So much is going on in the world around us all. It's outrageous, enraging and a very bad episode in reality. I've written about it before and I really don't want to write about it anymore. I want to live, hope and dream of a better day, a prouder day, a wholesome, whole-hearted, whole world for each of us.
Making my day means just that: making.
I am an artist. I am a writer. I am a maker. I throw cups, bowls and vases. I sculpt faces, figures and masks. When my wrist was broken and I couldn't sculpt, I got a gel pen and drew in my sketch pad. When my husband was laid off and I had to work, I taught art classes, mask classes, held an open studio to sell more work. No matter what the world brings to my door from a broken wrist to a broken heart, I make something anyway.
I fill my kiln and my wheel keeps turning.
Throwing yesterday was a retreat for me, a place to sit and center, a place to ground myself into the earth. I had no agenda, deadline or concept in mind. I took out the clay, sat down and let myself be. Here's where the miracle happens, because many times, I fight with the clay to get it centered, to get it to form into my preconceived idea of what it should be, but this day, I was tired of should, of right or wrong, of fact or fiction. I let the clay be what it wanted to be.
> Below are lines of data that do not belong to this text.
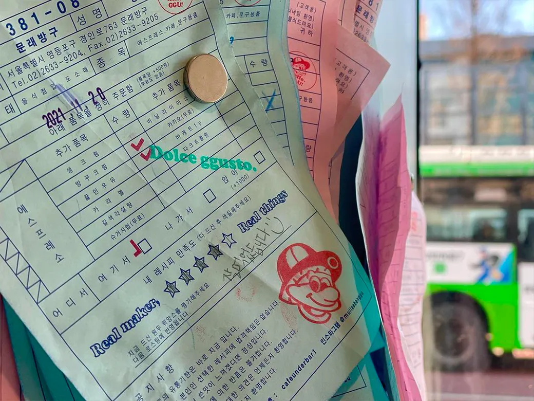 ‘문래방구’에서 가장 재밌는 점 중 하나는 바로 거래명세표에 작성하여 본인 취향의 에스프레소를 만든다는 점입니다.
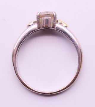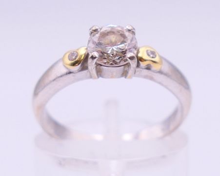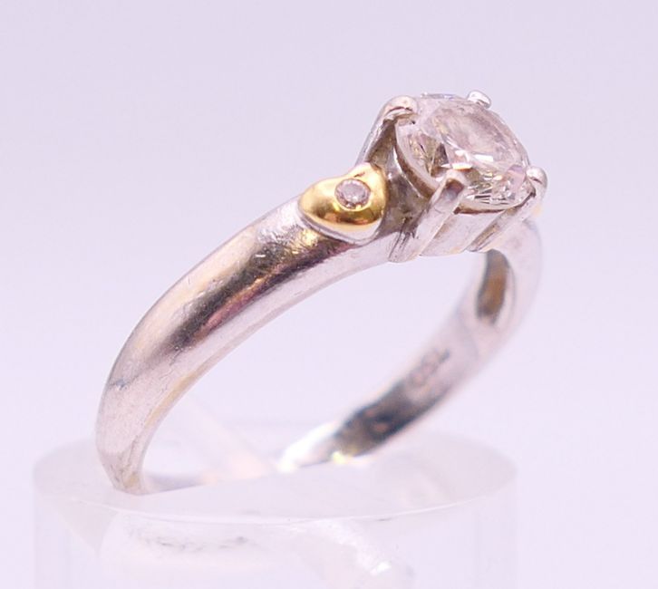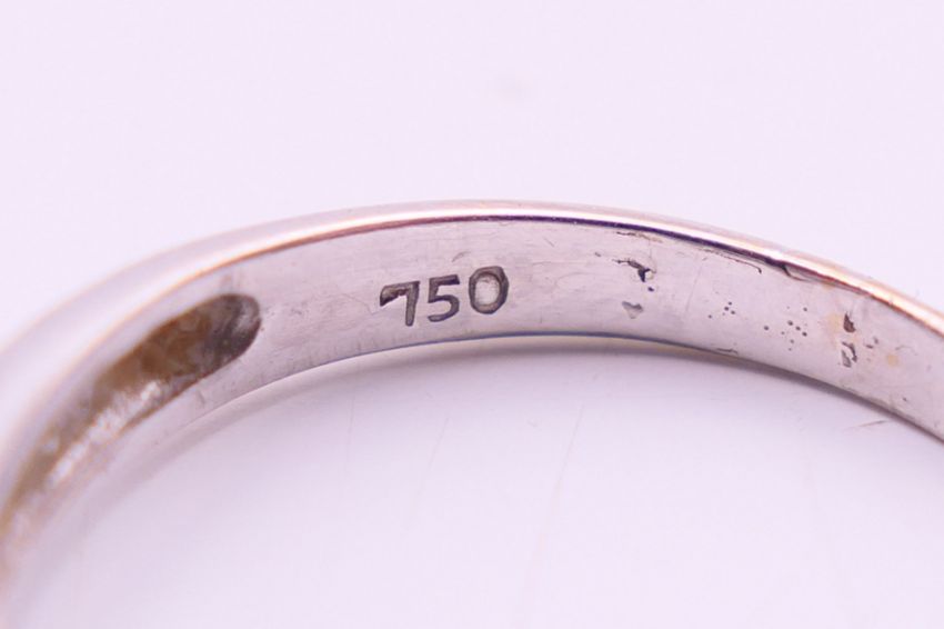 An 18 ct white gold three stone diamond ring. Ring size M.
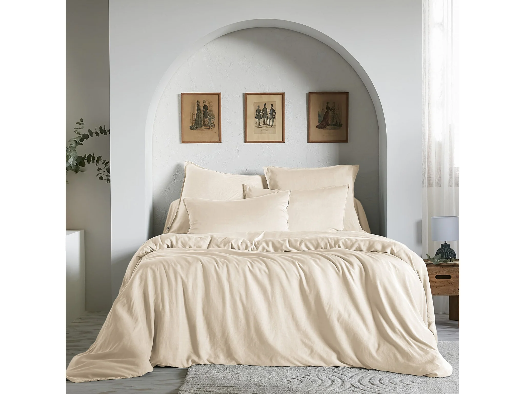 Housse de couette 260x240 lyocell uni pampa Terre de Nuit Lysandre
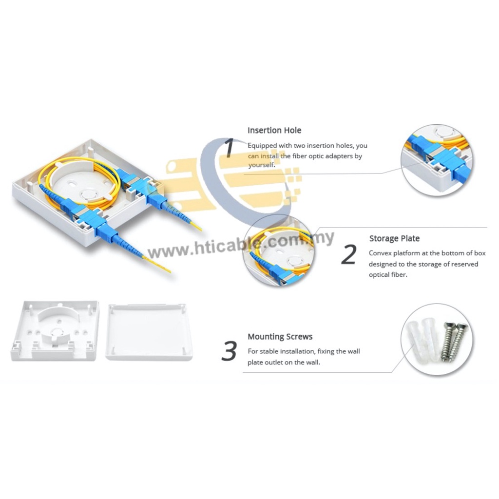 2 Ports FWS FTTH Fiber Optic Terminal Box / Junction Box / Fiber Optic Wall Socket Indoor Use w SC / LC Adaptor

What rose up from my fingers were 2 vases and 2 plant urns. It wasn't my best throwing day or my worst. And it didn't matter. Will they make it through the kiln process? Will they sell? Will I like them in the end? Again, it doesn't matter. What matters is that I was there, embracing the clay, centering myself with earth in my hands.
I can't stop the war of mean words out there. But I bring the inside out with hope and peace.
One vase, one pot, one turn of the wheel at a time.